**Task:** Please write out the full listing beneath this line exactly, skipping its images.

**Supplied information:**
——————————
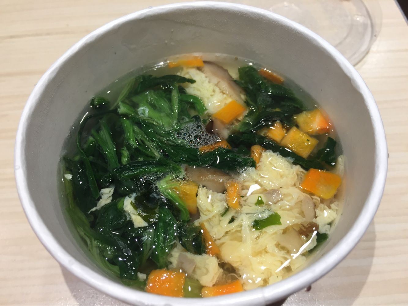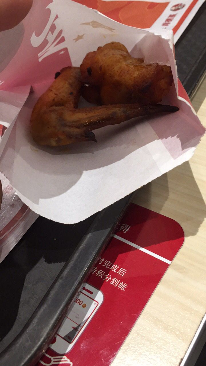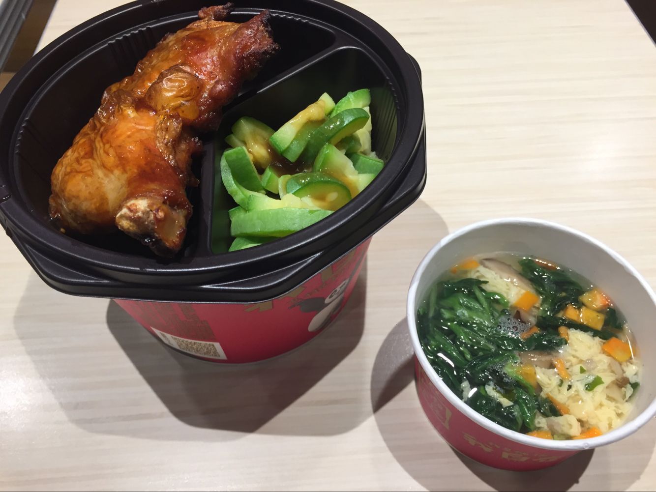 买的新出的海苔岩烧鸡腿饭的套餐,最开始还以为汤是虫草花鸡汤呢,结果是鲜蔬汤吧。鸡腿饭还是很不错的,烤翅火候也挺好,有的店烤翅都不熟。 店员服务态度不错,环境一般。很难找空位,都被附近务工人员占上了,店员有没办法说什么。
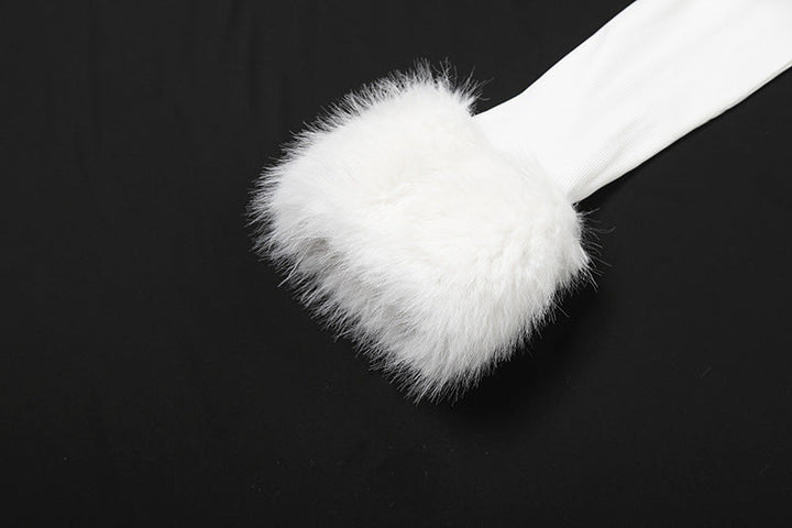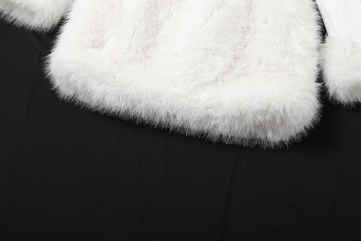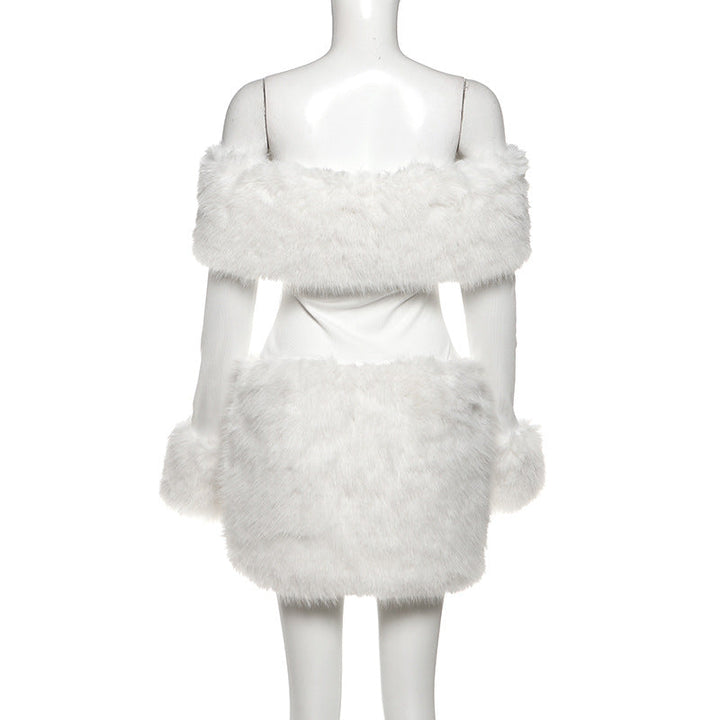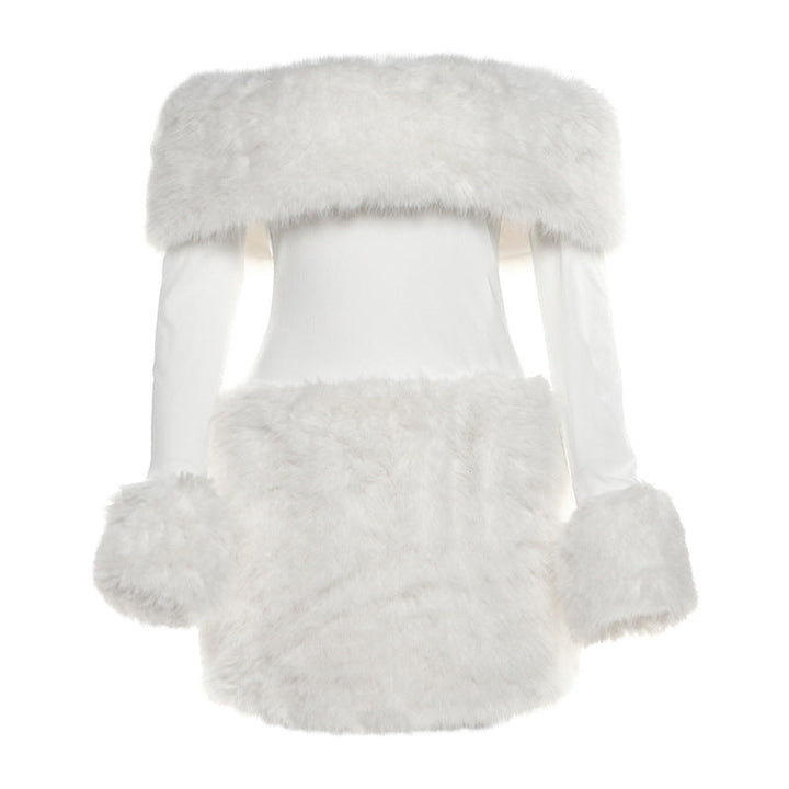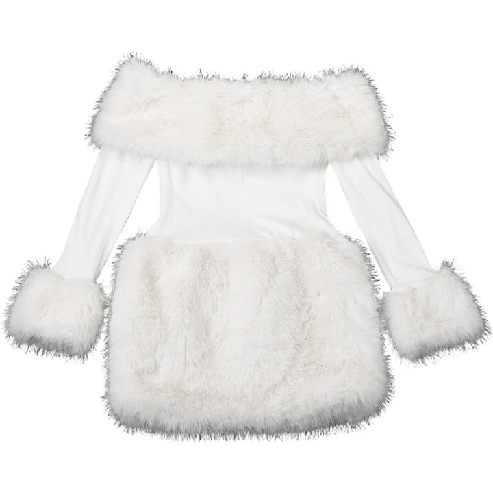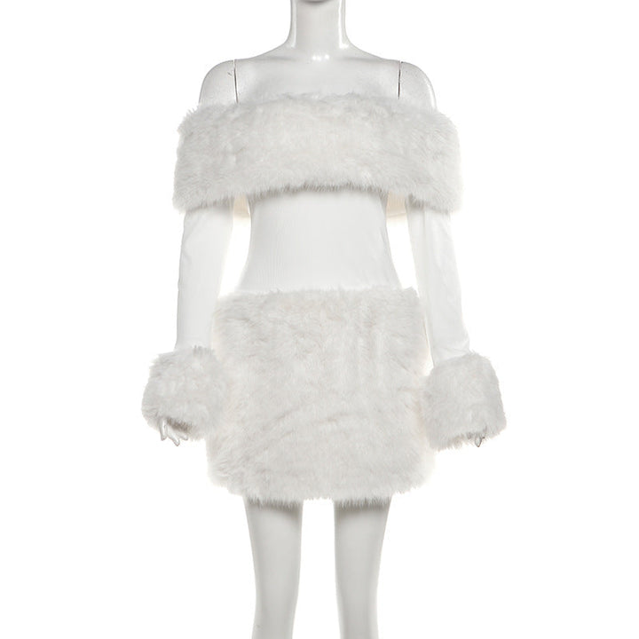 Off shoulder long sleeve fluffy mini dress
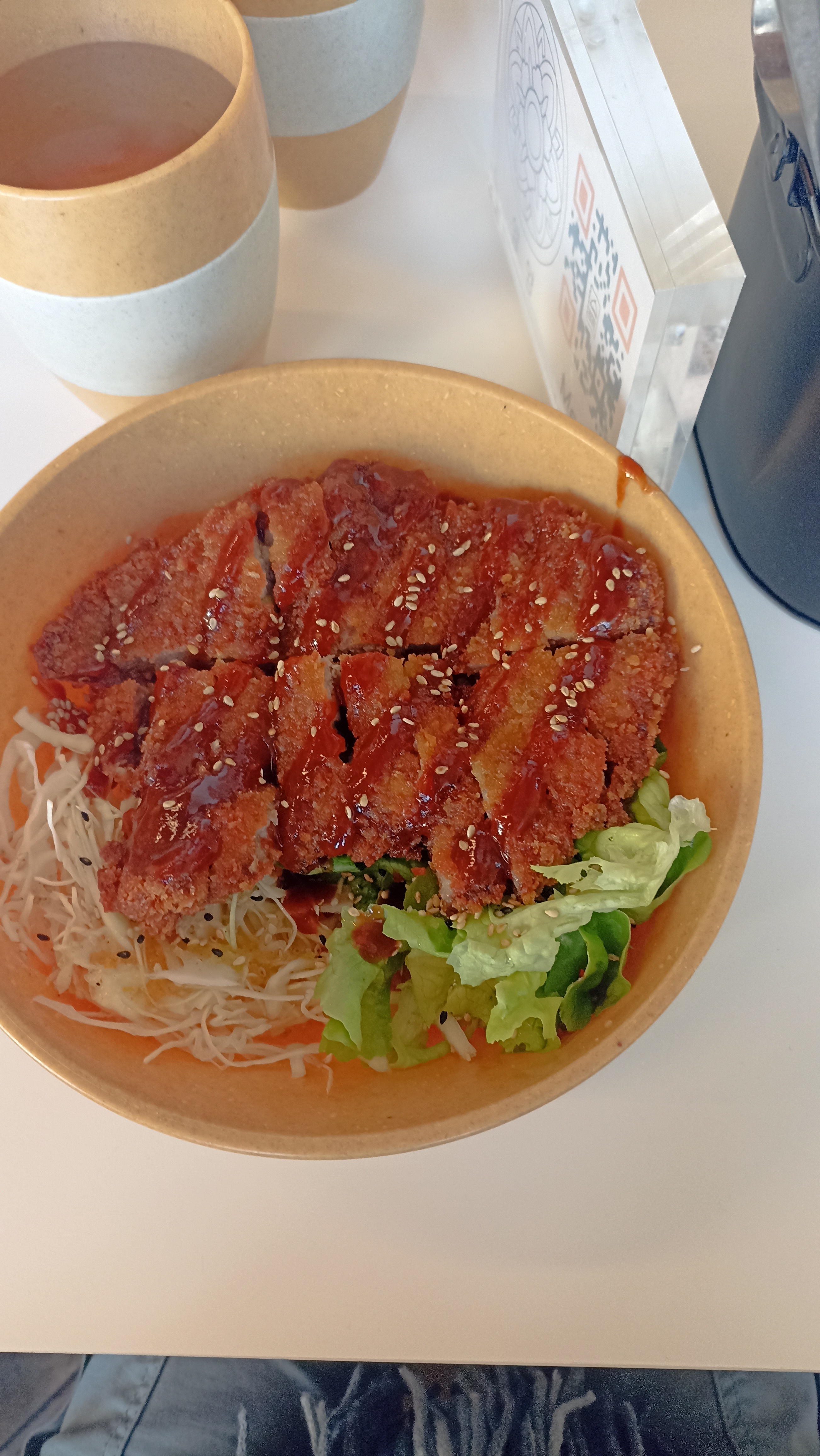 Moyen. Visuellement c'est beau mais ce n'est pas les vraies nourritures coréennes (dommage). Tonkatsu : J'ai essayé de l'exprimer comme la sauce originale que l'on trouve facilement en Corée, mais elle était un peu salée et la quantité de côtelette de porc était très petite et ce n'était pas une viande très bonne. Le riz avait l'air d'avoir été réchauffé, mais la salade avait une sauce rafraîchissante et était délicieuse. Le poulet Gangjeong a un goût très piquant et est fabriqué à partir de viande désossée, mais il est également imbibé de graisse mélangée. Le bibimbap contenait un mélange de viande et de parties difficiles à mâcher, comme les tendons, et dégageait une légère odeur de poisson. Les boissons étaient délicieuses, mais un peu chères pour le prix. En gros, il n'y a pas d'eau fournie.
——————————
**Result:**
 买的新出的海苔岩烧鸡腿饭的套餐,最开始还以为汤是虫草花鸡汤呢,结果是鲜蔬汤吧。鸡腿饭还是很不错的,烤翅火候也挺好,有的店烤翅都不熟。 店员服务态度不错,环境一般。很难找空位,都被附近务工人员占上了,店员有没办法说什么。
 Off shoulder long sleeve fluffy mini dress
 Moyen. Visuellement c'est beau mais ce n'est pas les vraies nourritures coréennes (dommage). Tonkatsu : J'ai essayé de l'exprimer comme la sauce originale que l'on trouve facilement en Corée, mais elle était un peu salée et la quantité de côtelette de porc était très petite et ce n'était pas une viande très bonne. Le riz avait l'air d'avoir été réchauffé, mais la salade avait une sauce rafraîchissante et était délicieuse. Le poulet Gangjeong a un goût très piquant et est fabriqué à partir de viande désossée, mais il est également imbibé de graisse mélangée. Le bibimbap contenait un mélange de viande et de parties difficiles à mâcher, comme les tendons, et dégageait une légère odeur de poisson. Les boissons étaient délicieuses, mais un peu chères pour le prix. En gros, il n'y a pas d'eau fournie.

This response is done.